The process of getting a motorbike loan from a bank or credit union is similar to the process of getting a car loan. You apply for a loan, get approved, sign an agreement, and then pay your debt in increments.
Apart from having affordable monthly repayments, there are other budget rival factors to consider when taking out a loan. It’s crucial to consider factors such as the loan term, as well as any interest rates.
Although longer terms mean lower monthly payments, interest accumulates over long periods. Therefore, you might find that long term loans can cost you more than shorter ones.
Borrowers with low credit scores may not get similar rates as people with better credit scores. That’s why it’s best to improve your credit score before applying to loans.

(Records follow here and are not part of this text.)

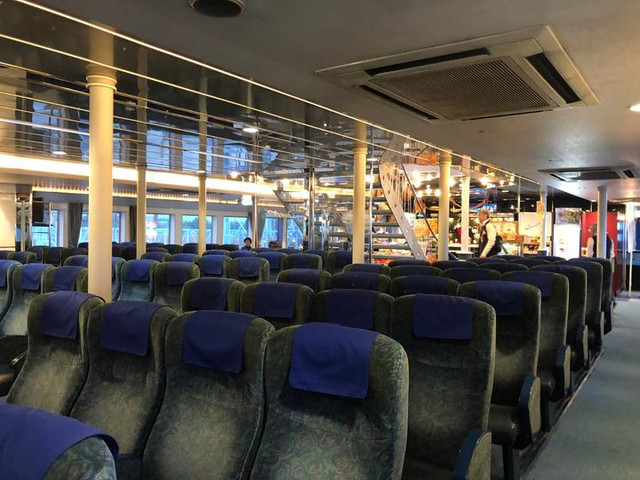 登船口在码头的2楼,顺着指示牌一路向前走就行了。船上也没有固定座位,喜欢在内舱坐着,或者在甲板看看都没问题。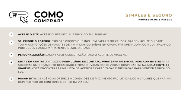 Selecione o Roteiro: Explore opções que incluem safáris no Kruger, Garden Route ou Cape Town, com opções de pacotes de 4 a 14 dias ou saídas em grupo FRT Operadora com guia falando português e acompanhamento desde o Brasil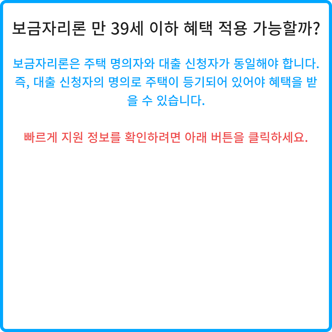 보금자리론은 주택 명의자와 대출 신청자가 동일해야 합니다. 즉, 대출 신청자의 명의로 주택이 등기되어 있어야 혜택을 받을 수 있습니다. 보금자리론 신청👆 디딤돌 대출👆 주택금융공사 금리비교👆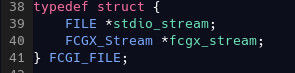 I suspect you need just need to cast to a pointer to FCGI_FILE like so; (FCGI_FILE *)cfg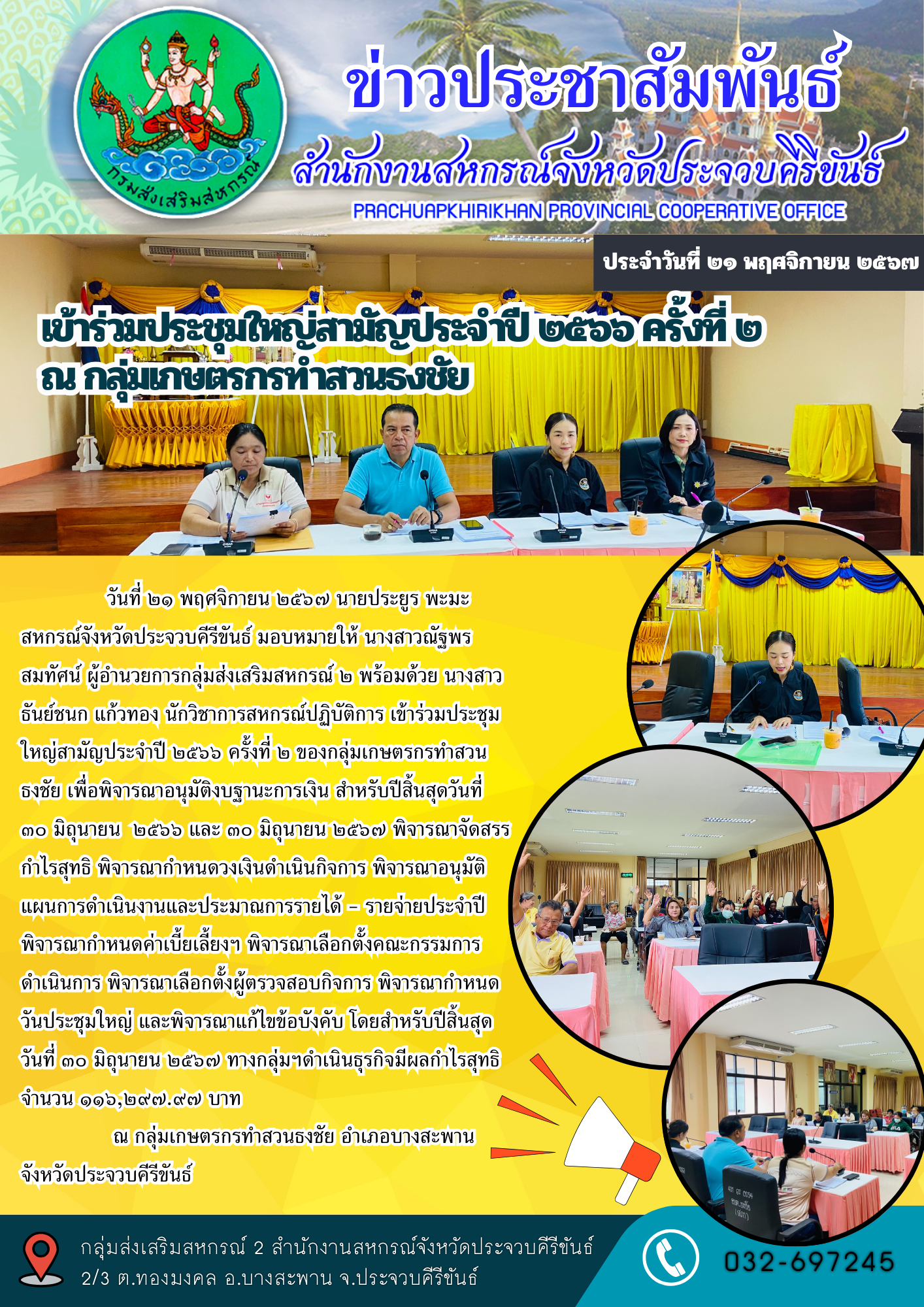 วันที่ ๒๑ พฤศจิกายน ๒๕๖๗ นายประยูร พะมะ สหกรณ์จังหวัดประจวบคีรีขันธ์ มอบหมายให้ นางสาวณัฐพร สมทัศน์ ผู้อำนวยการกลุ่มส่งเสริมสหกรณ์ ๒ พร้อมด้วย นางสาวธันย์ชนก แก้วทอง นักวิชาการสหกรณ์ปฏิบัติการ เข้าร่วมประชุมใหญ่สามัญประจำปี ๒๕๖๖ ครั้งที่ ๒ ของกลุ่มเกษตรกรทำสวนธงชัย เพื่อพิจารณาอนุมัติงบฐานะการเงิน สำหรับปีสิ้นสุดวันที่ ๓๐ มิถุนายน ๒๕๖๖ และ ๓๐ มิถุนายน ๒๕๖๗ พิจารณาจัดสรรกำไรสุทธิ พิจารณากำหนดวงเงินดำเนินกิจการ พิจารณาอนุมัติแผนการดำเนินงานและประมาณการรายได้ - รายจ่ายประจำปี พิจารณากำหนดค่าเบี้ยเลี้ยงฯ พิจารณาเลือกตั้งคณะกรรมการดำเนินการ พิจารณาเลือกตั้งผู้ตรวจสอบกิจการ พิจารณากำหนดวันประชุมใหญ่ และพิจารณาแก้ไขข้อบังคับ โดยสำหรับปีสิ้นสุดวันที่ ๓๐ มิถุนายน ๒๕๖๗ ทางกลุ่มฯดำเนินธุรกิจมีผลกำไรสุทธิ จำนวน ๑๑๖,๒๙๗.๙๗ บาท ณ กลุ่มเกษตรกรทำสวนธงชัย อำเภอบางสะพาน จังหวัดประจวบคีรีขันธ์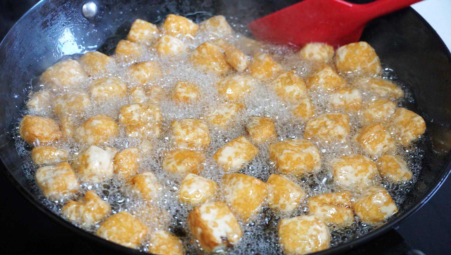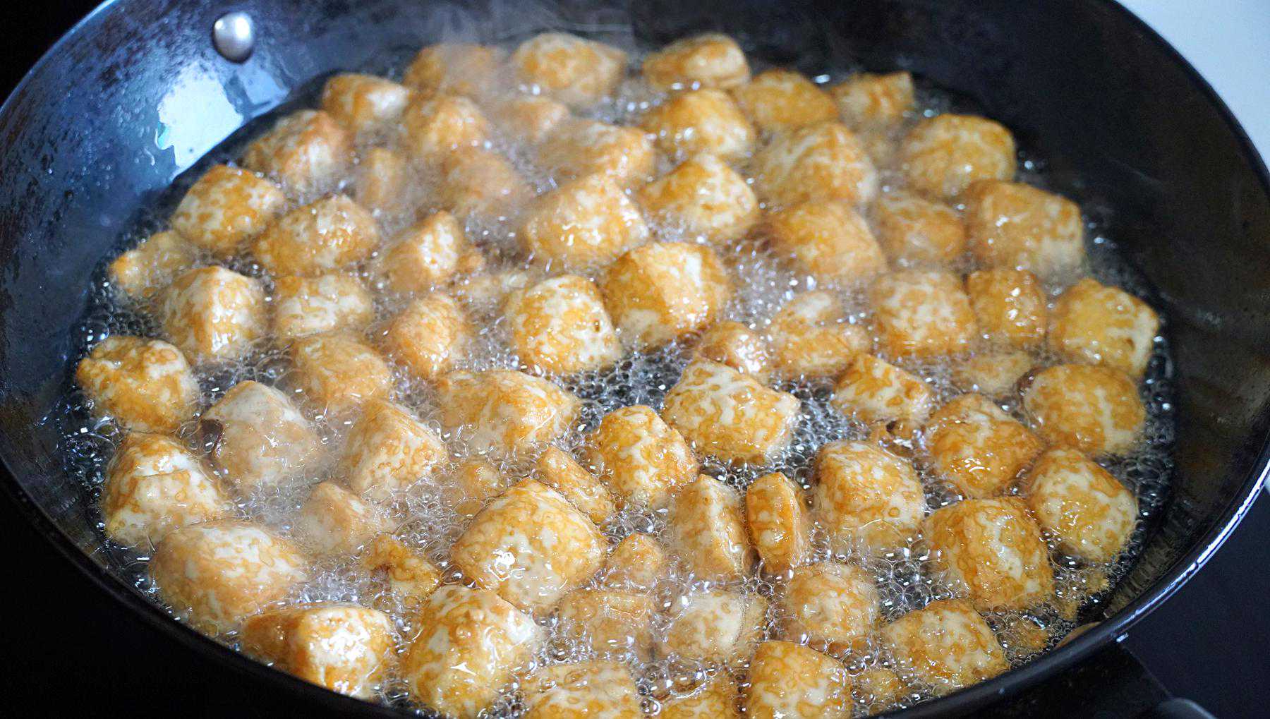 4、让每一块儿豆腐都能受热均匀,慢慢的,豆腐块就开始变得圆鼓鼓的了。

Just like cars, you can usually finance your motorbike from the dealership you purchased it from. Financing through a dealer is convenient as you’d be getting your vehicle and your loan from one place.
However, when financing through a dealer, you may miss out on loan benefits from other providers, so it’s best to compare different rates and lenders before applying to one. Financing through dealerships may be costly, as they tend to have higher interest rates than banks and credit unions, and may also charge additional fees due to them acting as the middleman.
Motorbike loans are essentially secured loans, meaning your motorbike acts as collateral and can be seized if you can’t make your payments. If a motorbike loan doesn’t suit your needs, you might consider borrowing an unsecured personal loan.
With unsecured personal loans, your property isn’t considered collateral. You agree to borrow a certain amount from the lender, and pay it back over a certain period, plus interest. However, if you don’t pay back your loan, you could face wage garnishment, meaning the loan can come out6 of your paycheck.
Personal loans tend to be more costly than secured loans, as the interest rate is higher, and you may have prepayment penalties throughout the life of your loan. It’s always best to consider the interest rate on your chosen loan, as those fees accumulate and end up being less cost-effective.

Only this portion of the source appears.